LIFE ON THE MOON

LIFE ON THE MOON

LIFE ON THE MOON

By W H Inmon

You grew up on earth. You know about breathing. You know about gravity. You know what a glass of water tastes like. What grass and a running stream look like. Then one day you wake up on the moon and everything you thought you knew is no longer valid. It is a shock.

This scenario is what happens when you make the transition from structured data to the world of text. You grew up in and made your career in a world of structured data. You learned about records. Keys. Data models. Attributes and a whole lot of other facts about structured data. Then one day you find yourself in the world of text. And all of the things that you thought you once knew are no longer to be found.
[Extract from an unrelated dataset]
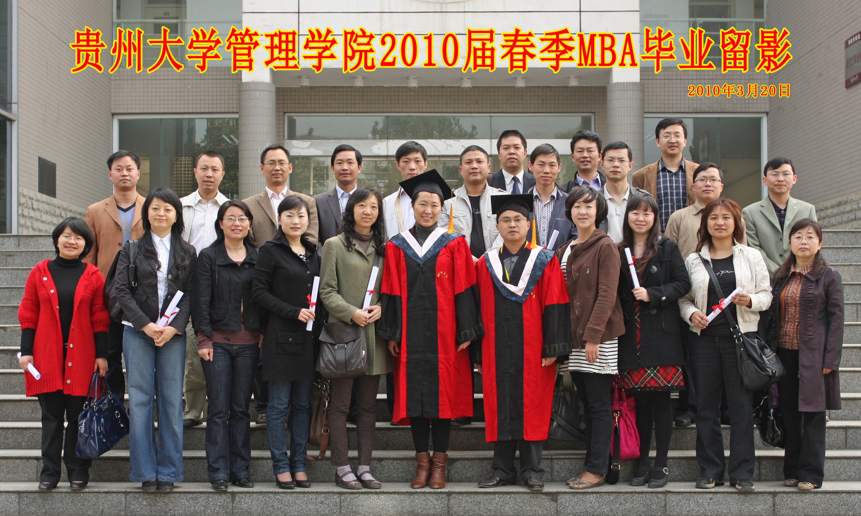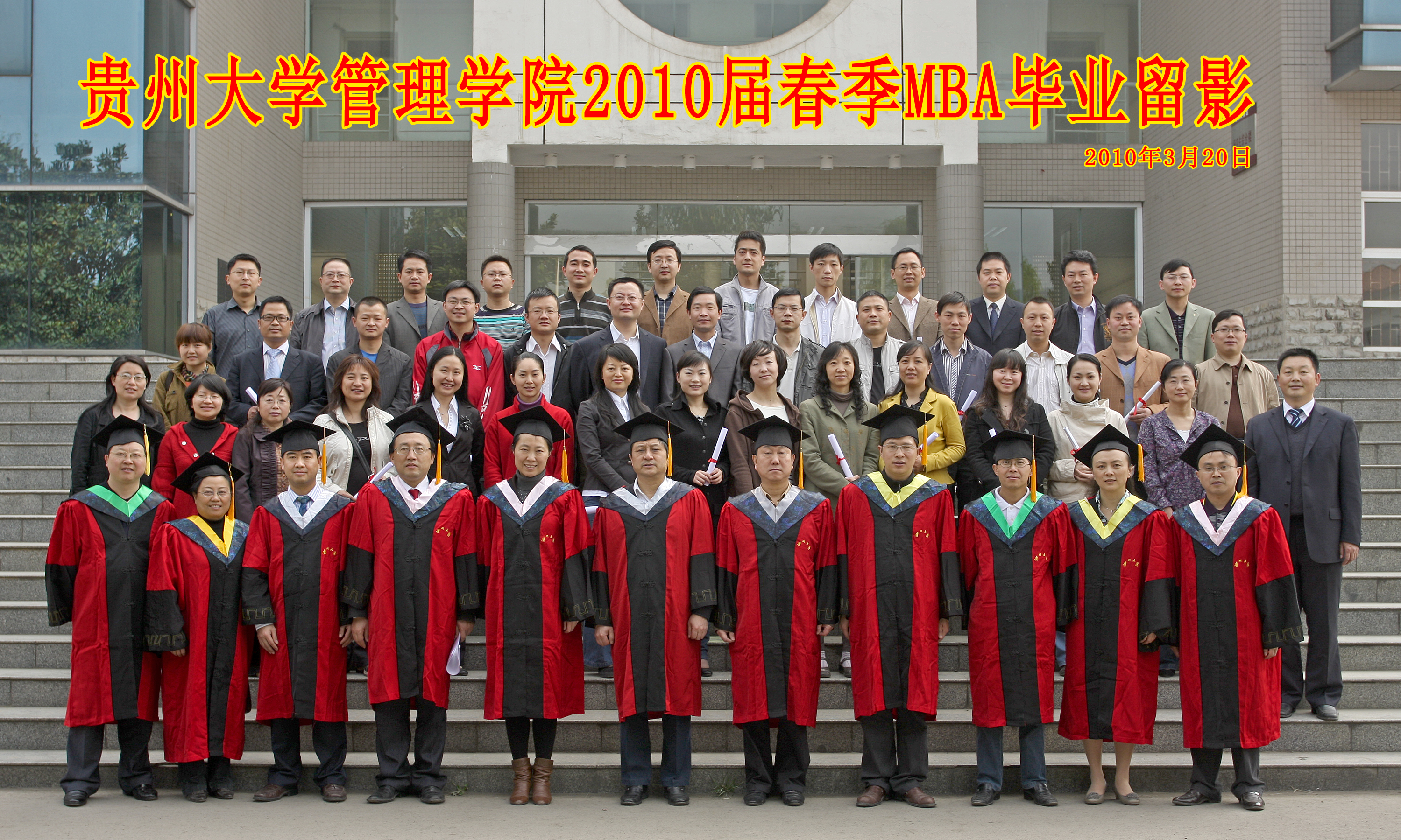 2010年3月20日星期六上午,在350vip8888新葡的京集团蔡家关校区350vip8888新葡的京集团(5号教学楼)阶梯教室隆重举行了2010届春季MBA毕业典礼暨学位授予仪式。出席典礼暨仪式的领导有350vip8888新葡的京集团书记陶玉顺教授,350vip8888新葡的京集团院长杜滨教授,350vip8888新葡的京集团副院长林岚涛教授,350vip8888新葡的京集团副院长罗敏教授,350vip8888新葡的京集团副院长任洲麒博士,350vip8888新葡的京集团副处级组织员袁新国,350vip8888新葡的京集团院长助理叶晓梅副教授,350vip8888新葡的京集团导师代表冉光圭教授、王茂春教授,350vip8888新葡的京集团MBA中心主任李烨教授。典礼由350vip8888新葡的京集团MBA中心副主任刘梅副教授主持。此次有43位同学获得MBA硕士学位。典礼上杜滨院长首先向获得学位的同学表示热烈祝贺,并致辞;导师代表对同学们的学习成果作了再次的肯定;学员代表表达了同学们获得学位的喜悦心情及对学校的感激之情;李烨中心主任对同学们作了勉励并寄语未来;罗敏教授宣读了获得学位同学的名单,全体领导给43位同学颁发了MBA硕士学位证。最后,全体师生合影留念。中午,举行了毕业联合聚会。

Kind of like trying to live on the moon.

There are many, many significant differences between the structured world and the world of text. One of the most basic is this. Structured data is precise. Textual data is probabilistic.
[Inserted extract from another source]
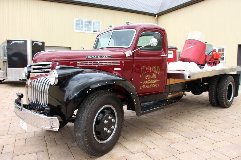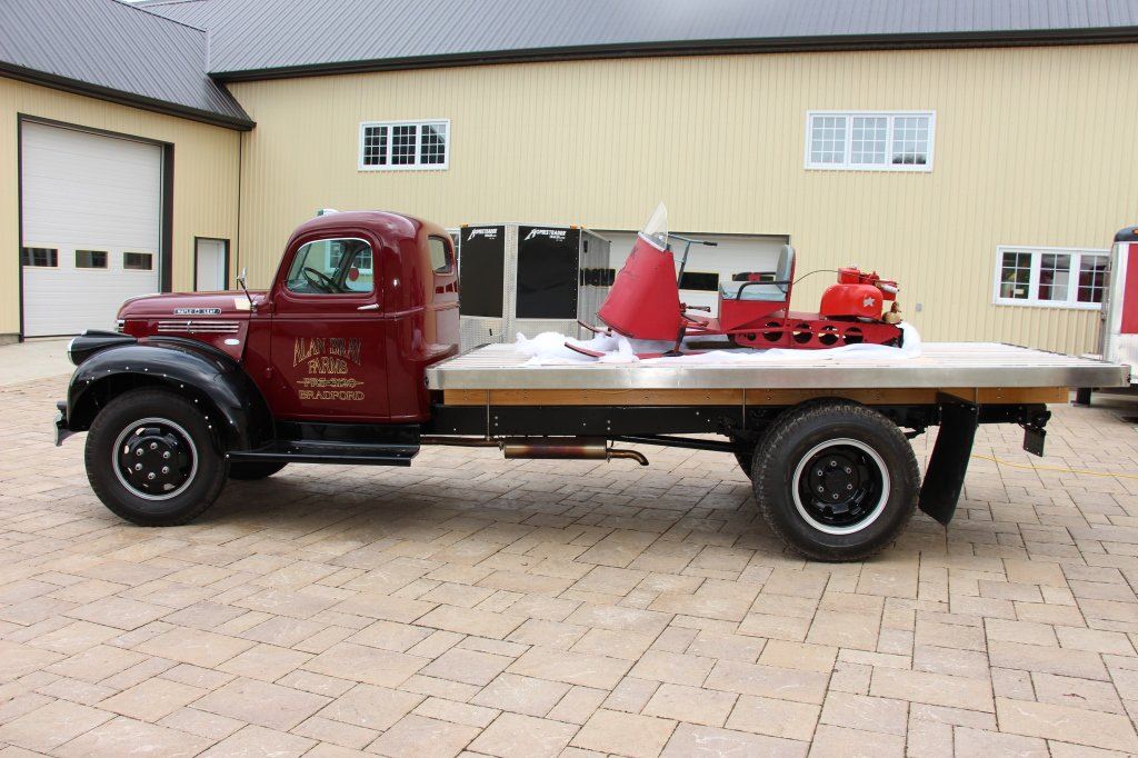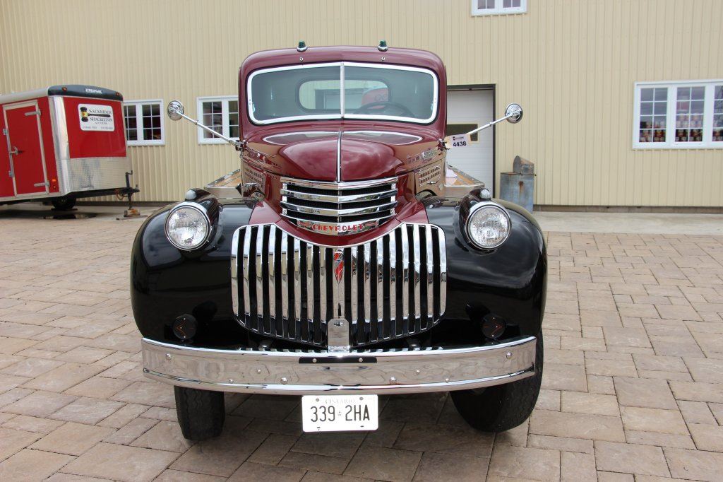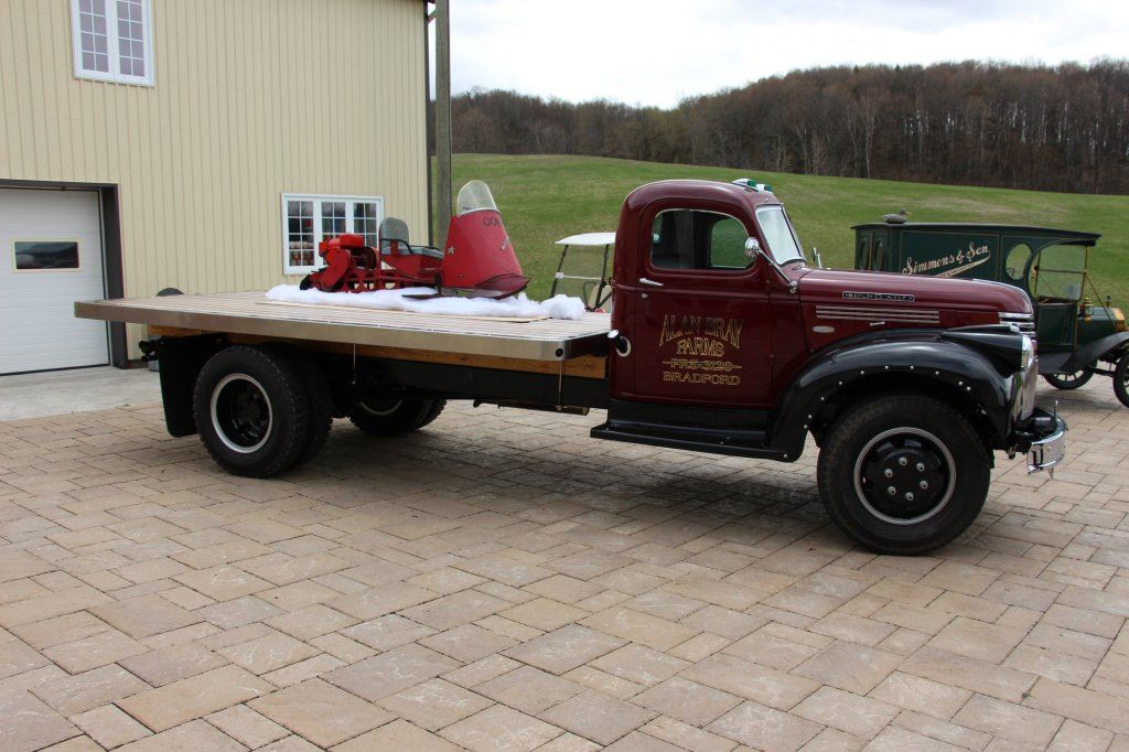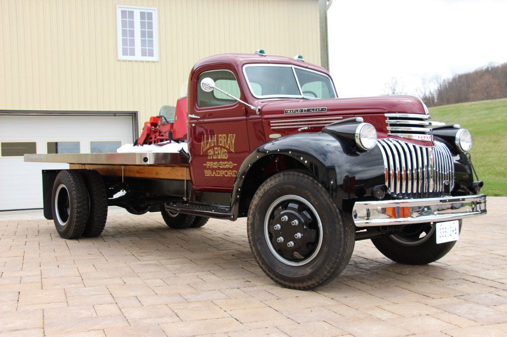 1946 CHEVROLET MAPLE LEAF 3 TON TRUCK EQUIPPED WITH A 248C.I. 6 CYLINDER THAT WAS REBUILT TO GM SPECS AND HAS HAD A COMPLETE BODY OFF RESTORATION. COMPETE WITH A GORGEOUS NEW STAKE BODY WITH WHITE OAK AND STAINLESS STEEL FRAMING THIS SHOW TRUCK IS A RE

As an example of precise data, you walk into the bank and write a check for $50.00. The bank better interpret that check as exactly $50.00. Not $49.95. Not $51.00. The bank had better process the check for exactly $50.00. Such is structured data. Precise.

Now lets consider textual data. A doctor in his notes writes the term – “ha”. What does “ha” mean? If it is a heart doctor that wrote the notes “ha” probably means “heart attack”. But on occasion the heart doctor will mean “head ache”. 99% of the time ha means heart attack. But occasionally it doesn’t.

Or suppose you are doing voice transcription. 95% of the time the voice of the speaker is understood and is transcribed properly. But 5% of the time the voice of the speaker is misunderstood and the word is transcribed improperly.

Or suppose that you see a letter for a gentleman named John Smith. You look John Smith up in a directory. You find a John G Smith. Is John Smith the same as John G Smith? Maybe it is. Maybe it isn’t.

You are reading a textual document that has gone through OCR. You see the word “elophant”. You assume it is the word elephant. The OCR technology has encountered an inking defect and could not clearly detect what was written. However, there is a lady named Trudy Elophant. How do you make the interpretation?

You see the word “fire” in text. What does fire mean? Does it mean a conflagration? Does it mean the pulling of the trigger of a gun? Does it mean a boss has rid himself/herself of an unwanted employee? You need context in order to make the proper interpretation.

And the list of ambiguities that arise in handling text continues to rise. Processing text is NOTHING like processing structured data. It is patently a mistake to think that you are going to apply the rules of structured data to the world of text. In a word, when dealing with text, you are not dealing with a world of precision. You are dealing with a world where assumptions have to be made in order to interpret what was written. Your assumptions may not be correct and may result in an imprecise understanding. And this lack of precision is simply very uncomfortable to a person who has spent their professional career in a world that was precise.

And the differences between precision and probability are just the tip of the iceberg in understanding the two different environments.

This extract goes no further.